Eastwood crafts an austere, knowing film about the power of images and the work of the everyday soldier

By Matt Singer

"We like things simple. Good and evil, heroes and villains… Most of the time they're not who we think they are." Thus Flags of our Fathers' opening narration announces its thesis, and thus director Clint Eastwood spends the next two hours investigating it thoroughly, thoughtfully and dramatically. The setting is the Battle of Iwo Jima, where six American soldiers raised their country's flag -- inadvertently emboldening the nation's patriotism when the event was captured by war correspondent Joe Rosenthal in the definitive photograph from World War II.

The men in Rosenthal's photograph did not consider themselves heroes. They simply followed orders to put up a flag -- a replacement, in fact, for the first banner hoisted that day (the original was salted away by a general to keep it from winding up in a politician's hands) -- that was raised only five days into a battle that would rage for 30 more. By the time it was over, three of the six soldiers were dead. As one of the survivors, Ira Hayes (Adam Beach) puts it, "All I did was try not to get shot."
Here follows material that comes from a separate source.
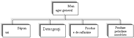 Compartimentarea pe produse presupune gruparea la un loc a tuturor posturilor care participa la realizarea unui produs sau a unei grupe de produse asemanatoare. Aceasta compartimentare faciliteaza specializarea inalta a personalului si formeaza competitia dintre produse. Compartimentarea pe produse conduce la o structura de forma celei din figura 2.8.
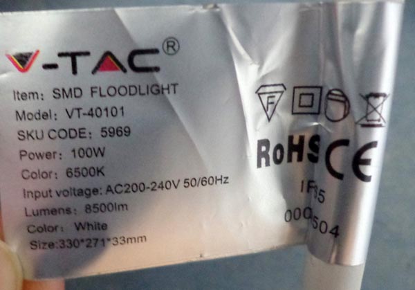 Rapex-Meldung: Stromschlaggefahr bei LED floodlight der Marke V-TAC

Eastwood then follows Hayes, Doc Bradley (Ryan Phillippe) and Rene Gagnon (Jesse Bradford) along two divergent chronologies. In one, the trio fight for their lives on Iwo Jima; in the other, the men tour the United States, making public appearances to drum up war bond sales after the photo has turned them into national celebrities. Few soldiers return from war with the desire to relive what they've done (both of my grandfathers served in WWII, and the only stories they ever offered were silly, basic training mishaps), but by appearing in that photo, Bradley, Gagnon and Hayes are doomed to repeat it. Eastwood's cross-cutting beautifully illustrates these soldiers' haunted psyches, constantly reminded of the horrors they've endured. As their likenesses become a rallying cry, Rosenthal's picture is reproduced endlessly: as painting, statue, war bonds poster, even as a syrup-slathered dessert. The American people look at the Iwo Jima flag raising and see heroism. The men who raised the flag see only tragedy.
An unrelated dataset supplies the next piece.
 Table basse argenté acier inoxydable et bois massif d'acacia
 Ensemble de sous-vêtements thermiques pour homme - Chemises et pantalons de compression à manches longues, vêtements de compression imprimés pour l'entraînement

Ultimately, Flags of our Fathers is about the power of images, and the film itself does not lack for impactful visuals of its own. Aside from the lengthy daytime beachfront assault by U.S. forces that functions as Flags' gut-wrenching centerpiece, Eastwood's approach to the Battle of Iwo Jima is almost impressionistic: shot largely in darkness and fog, the Japanese rarely represented by anything more than the barrels of their machine guns. (Eastwood will explore the Japanese perspective in the upcoming Letters From Iwo Jima.) Here, war is ultimately a nightmare in the minds of the men who've lived it.
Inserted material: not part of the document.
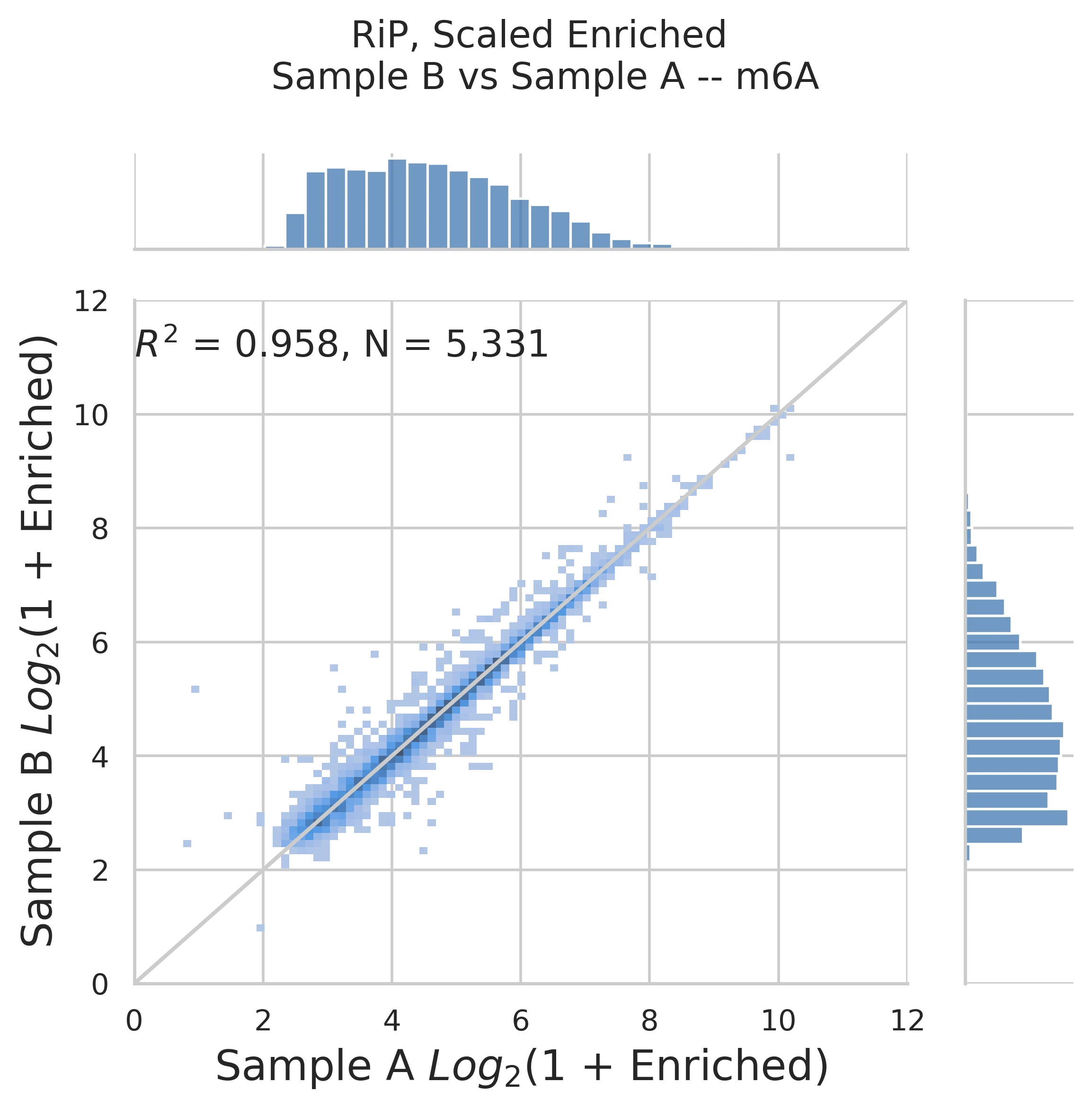 Correlation plot of the fold enrichment values of all m6A peaks found in rep1 versus the same in rep2. R2 > 0.8 demonstrates high reproducibility of the RNA mod abundance calculation.

Despite his spotty war film record as an actor (his most memorable war roles, as Corporal McBurney in Don Siegel's The Beguiled and as Private Kelly in Brian G. Hutton's Kelly's Heroes, were hooligans at best and traitors at worst), Eastwood has made an austere, knowing movie that, above all, celebrates the work of the everyday soldier who does his job willingly, quietly and unglamorously. The single greatest act of heroism in Flags of our Fathers belongs to Bradley, but it's not his role in the flag-raising; it's his determination to continue helping his fellow servicemen even after shrapnel in his legs has stifled his ability to walk. Even as he analyzes the process by which governments invent and bestow greatness on individuals, Eastwood celebrates the individual acts that truly win wars. Bradley's son James -- Flags' narrator and the author of the book on which it was based -- says at the film's conclusion that in order to "honor [the soldiers], we should remember them as they really were." In this case, the greatest compliment one can bestow on Eastwood is to observe that he has done just that.